A.) rsaA mRNA weakly colocalizes with BR-bodies. Left, rsaA mRNA visualization in fixed cells by mRNA FISH or by the Ms2 tagged system in living cells. Fluorescein mRNA FISH probes were probed with either RNE-mCherry (JS403) or mCherry-PopZ (JP369) as a negative control. In live cells the Ms2-coat protein double mutant (Ms2DM)-mCherry fusion with an array of 96 tandem Ms2 RNA hairpins fused to the 3’ end of the rsaA gene was imaged with RNE-msfGFP (JS287). Right, quantitation of the fraction of rsaA mRNA foci colocalized with RNase E or PopZ foci. B.) Left, mRNA FISH (Quasar 670 fluorophore) in either wild type RNE-eYFP (JS38) or with ASM-eYFP (JS299). Right, quantitation of the fraction of rsaA mRNA foci colocalized with RNase E or ASM foci.

Figure 6.. BR-bodies accelerate initial cleavage and exonucleolytic steps of mRNA decay.

A.) RNA-seq measurement of wild type (JS38), NTD truncation (JS221), or DBS mutant (JS233) strains after treatment with 200 μg/mL rifampicin for the indicated amount of time. Each row represents a different transcript whose RNA level is normalized to the level in untreated cells. B.) mRNA half-lives for each RNase E mutant across four bins of BR-body enrichment. Only simple mRNAs with a single ORF and TSS are shown. Asterisks indicate samples with p-values ≤0.05 based on a T-test with unequal variance. p-values can be found in Table S1. C.) qRT-PCR (>100nt fragments) and RNA-seq (<50nt fragments) RNA half-life measurements of the rne mRNA for the indicated strains. Each half-life measurement was performed on the same RNA samples split between the two assays.

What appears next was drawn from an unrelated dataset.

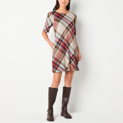 R & K Originals Womens Short Sleeve Plaid Shift Dress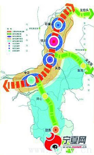 “天下黄河富宁夏”。黄河流经宁夏虽然只有397公里,但其两岸却密集地分布着银川、石嘴山、吴忠、中卫4个地级市和平罗、青铜峡、灵武、贺兰、永宁、中宁等6个县和县级市,是黄河流域灌溉农业和新兴工业最发达的地区之一。这10个城市总面积不到自治区的一半,但却集中了自治区60%的人口、80%的城镇、90%的城镇人口,创造了自治区90%以上的GDP和财政收入。充分利用并发挥这些沿黄城市的资源和优势,建设沿黄城市群、打造“黄河金岸”,以城带乡,城乡统筹,对宁夏乃至全国都有不同寻常的战略意义。

Figure 7.. Model of BR-body mediated mRNA decay.

As translation levels drop, RNA degradosomes (RNase E catalytic region (green), Arg-rich CTD patches (blue), and degradosome proteins (red) are highlighted) can engage on the mRNA to initiate decay. On the left, is the pathway of decay for soluble mRNA decay where initiation of decay by RNase E (green spheres) and exoribonuclease (red spheres) steps are indicated and can occur slowly. On the right, is the pathway that can occur inside BR-bodies. First, the RNA degradosome and mRNAs phase-separate into a biomolecular condensate via the multivalent interactions with the mRNA and the RNase E CTD. Inside the condensate RNase E endonuclease and degradosome exoribonuclease activity are both accelerated from the high-local concentration. Once the mRNA fragments are cut to a small size to lower valence of the interaction with RNase E’s CTD, the BR-body can dissolve releasing both RNA degradosomes and oligonucleotides that can be converted into nucleotides by oligoribonuclease.